INPUT FOR THIS TASK START

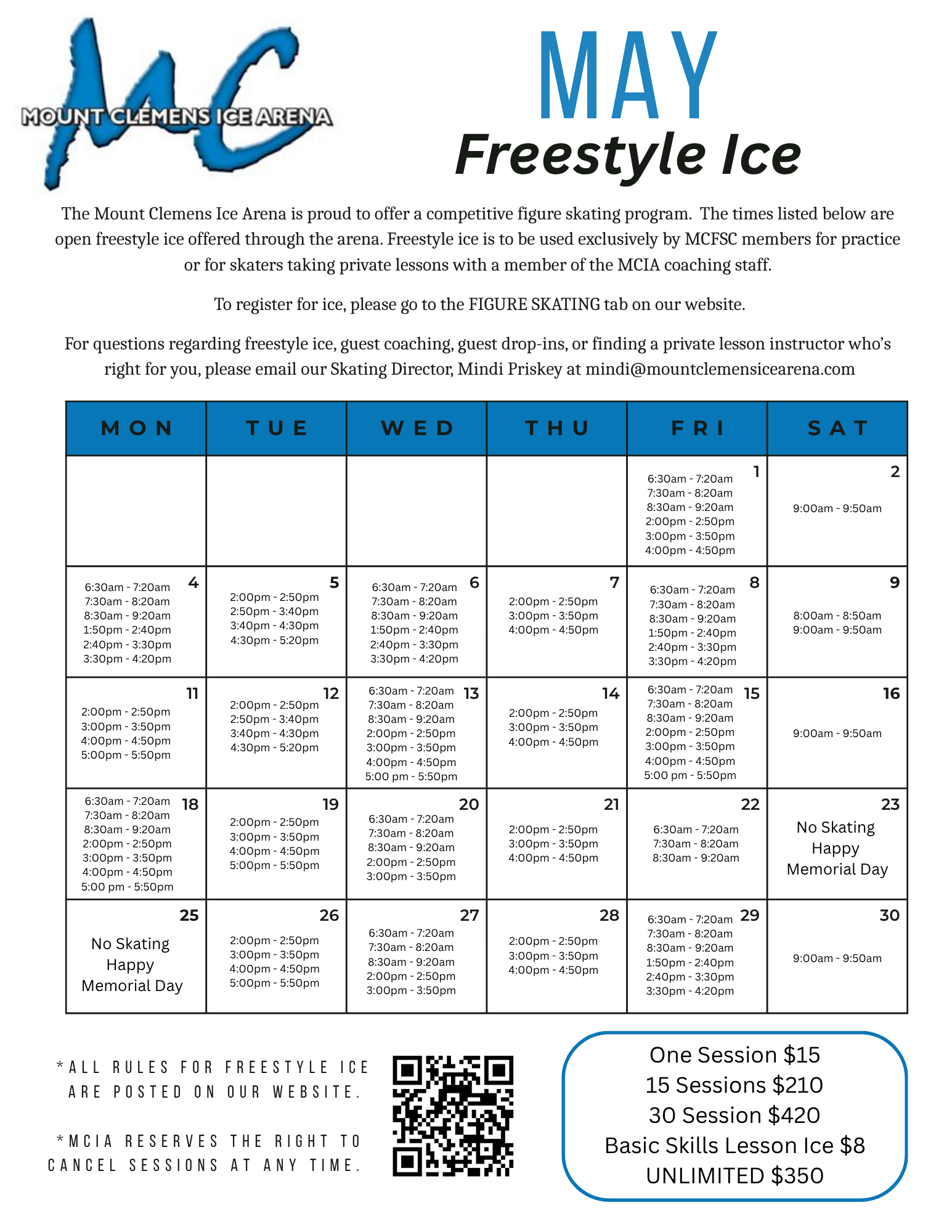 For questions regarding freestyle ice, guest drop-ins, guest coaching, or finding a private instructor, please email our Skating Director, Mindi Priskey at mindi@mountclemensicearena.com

INPUT FOR THIS TASK END
INPUT FOR THIS TASK START

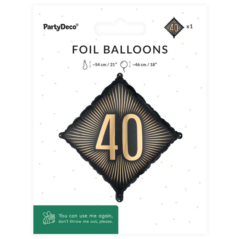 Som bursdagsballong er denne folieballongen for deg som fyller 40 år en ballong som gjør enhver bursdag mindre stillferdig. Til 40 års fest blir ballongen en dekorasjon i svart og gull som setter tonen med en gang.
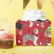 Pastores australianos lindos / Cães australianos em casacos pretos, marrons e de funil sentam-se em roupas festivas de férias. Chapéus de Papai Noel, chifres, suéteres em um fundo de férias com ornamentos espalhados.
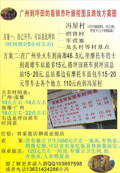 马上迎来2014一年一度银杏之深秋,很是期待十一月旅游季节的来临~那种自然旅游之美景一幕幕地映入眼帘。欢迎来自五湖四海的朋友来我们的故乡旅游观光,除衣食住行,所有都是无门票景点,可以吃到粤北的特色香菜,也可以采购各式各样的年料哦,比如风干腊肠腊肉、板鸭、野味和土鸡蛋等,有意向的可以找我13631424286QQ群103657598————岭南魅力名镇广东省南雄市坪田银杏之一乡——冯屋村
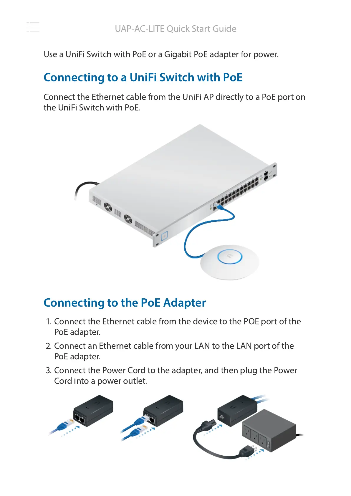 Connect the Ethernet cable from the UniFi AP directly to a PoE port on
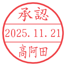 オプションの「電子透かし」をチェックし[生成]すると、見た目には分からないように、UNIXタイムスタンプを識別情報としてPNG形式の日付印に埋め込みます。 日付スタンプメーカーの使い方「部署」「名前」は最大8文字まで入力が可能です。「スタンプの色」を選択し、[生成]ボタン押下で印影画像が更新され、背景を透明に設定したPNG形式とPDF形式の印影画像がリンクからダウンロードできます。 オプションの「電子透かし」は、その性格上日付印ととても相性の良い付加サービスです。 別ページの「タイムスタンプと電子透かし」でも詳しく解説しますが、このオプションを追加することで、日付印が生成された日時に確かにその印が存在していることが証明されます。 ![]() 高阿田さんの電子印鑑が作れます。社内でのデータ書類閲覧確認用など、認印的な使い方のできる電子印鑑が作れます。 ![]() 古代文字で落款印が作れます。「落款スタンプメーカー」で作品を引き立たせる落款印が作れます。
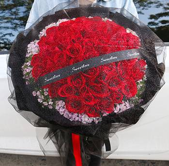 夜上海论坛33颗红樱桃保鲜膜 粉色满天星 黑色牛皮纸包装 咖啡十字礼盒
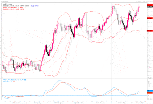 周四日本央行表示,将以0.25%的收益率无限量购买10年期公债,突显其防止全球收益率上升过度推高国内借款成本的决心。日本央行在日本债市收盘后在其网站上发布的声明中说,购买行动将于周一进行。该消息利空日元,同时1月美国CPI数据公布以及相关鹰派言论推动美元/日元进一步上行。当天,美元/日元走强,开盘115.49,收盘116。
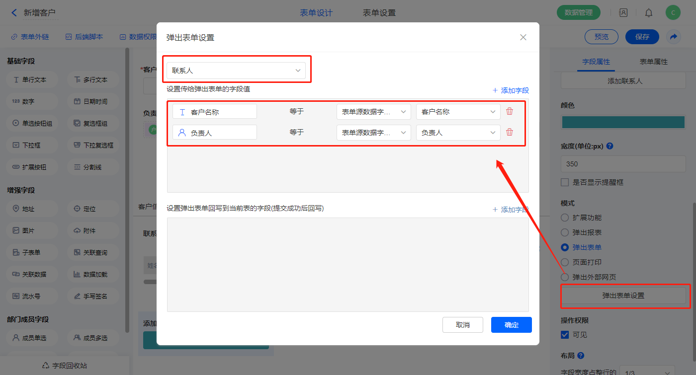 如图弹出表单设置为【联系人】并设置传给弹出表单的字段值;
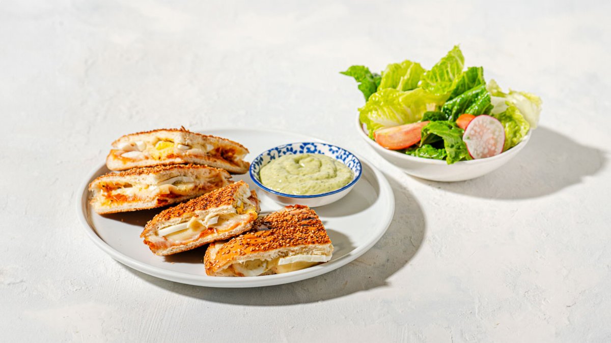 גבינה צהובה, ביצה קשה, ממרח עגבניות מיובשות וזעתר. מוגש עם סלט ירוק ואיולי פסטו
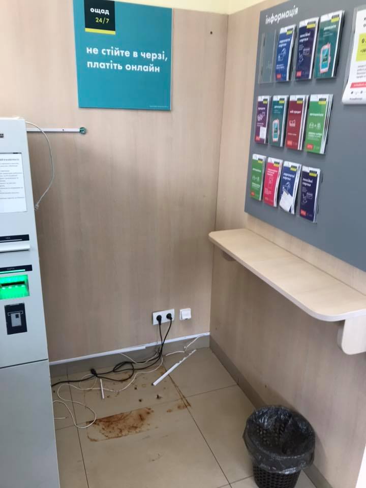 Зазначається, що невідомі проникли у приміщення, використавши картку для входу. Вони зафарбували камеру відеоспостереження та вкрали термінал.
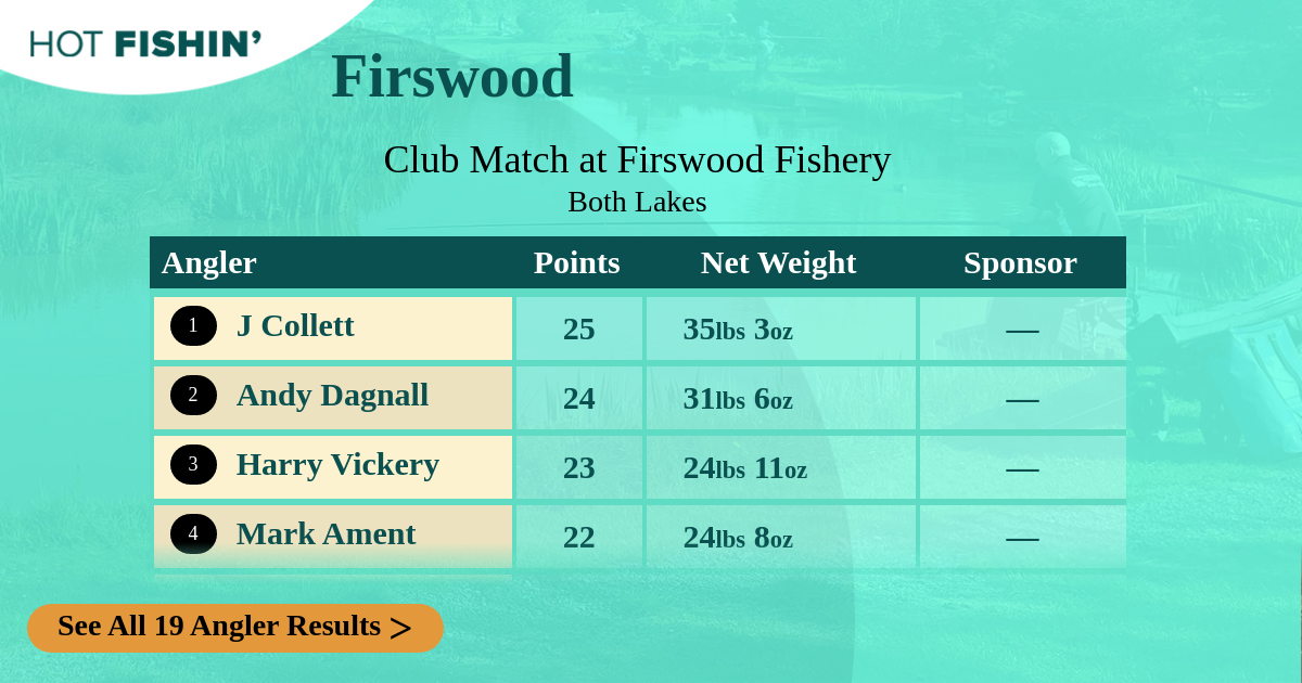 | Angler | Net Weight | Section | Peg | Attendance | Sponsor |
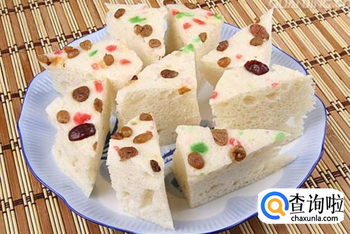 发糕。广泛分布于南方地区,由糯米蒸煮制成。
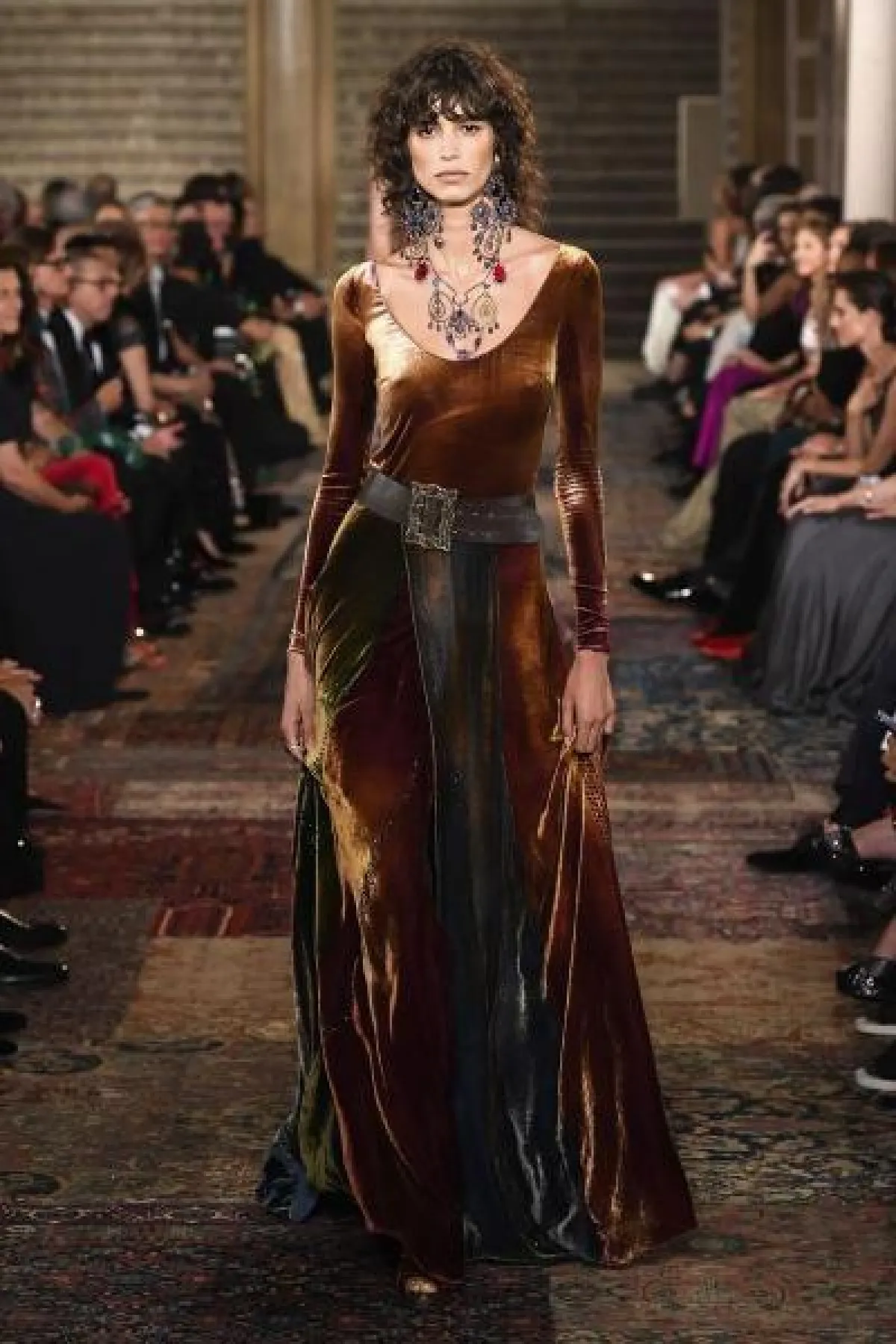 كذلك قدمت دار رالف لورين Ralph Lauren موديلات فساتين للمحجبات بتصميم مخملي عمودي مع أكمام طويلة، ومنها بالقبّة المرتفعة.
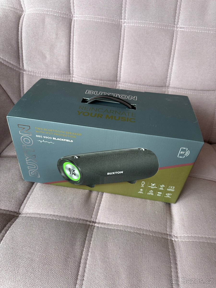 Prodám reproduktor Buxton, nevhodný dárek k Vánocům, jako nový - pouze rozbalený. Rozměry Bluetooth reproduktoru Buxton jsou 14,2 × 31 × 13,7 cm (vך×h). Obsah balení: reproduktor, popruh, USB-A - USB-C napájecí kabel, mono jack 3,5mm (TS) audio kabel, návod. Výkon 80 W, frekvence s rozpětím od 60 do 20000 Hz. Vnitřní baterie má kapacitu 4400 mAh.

INPUT FOR THIS TASK END

» **WHAT YOU ARE ASKED TO DO**
In the listing above, find the line holding "如图弹出表单设置为【联系人】并设置传给弹出表单的字段值;" and the line holding "كذلك قدمت دار". Reproduce those two lines and all between them exactly, leaving out pictures.

» **SOLUTION TO THIS PROBLEM**
 如图弹出表单设置为【联系人】并设置传给弹出表单的字段值;
 גבינה צהובה, ביצה קשה, ממרח עגבניות מיובשות וזעתר. מוגש עם סלט ירוק ואיולי פסטו
 Зазначається, що невідомі проникли у приміщення, використавши картку для входу. Вони зафарбували камеру відеоспостереження та вкрали термінал.
 | Angler | Net Weight | Section | Peg | Attendance | Sponsor |
 发糕。广泛分布于南方地区,由糯米蒸煮制成。
 كذلك قدمت دار رالف لورين Ralph Lauren موديلات فساتين للمحجبات بتصميم مخملي عمودي مع أكمام طويلة، ومنها بالقبّة المرتفعة.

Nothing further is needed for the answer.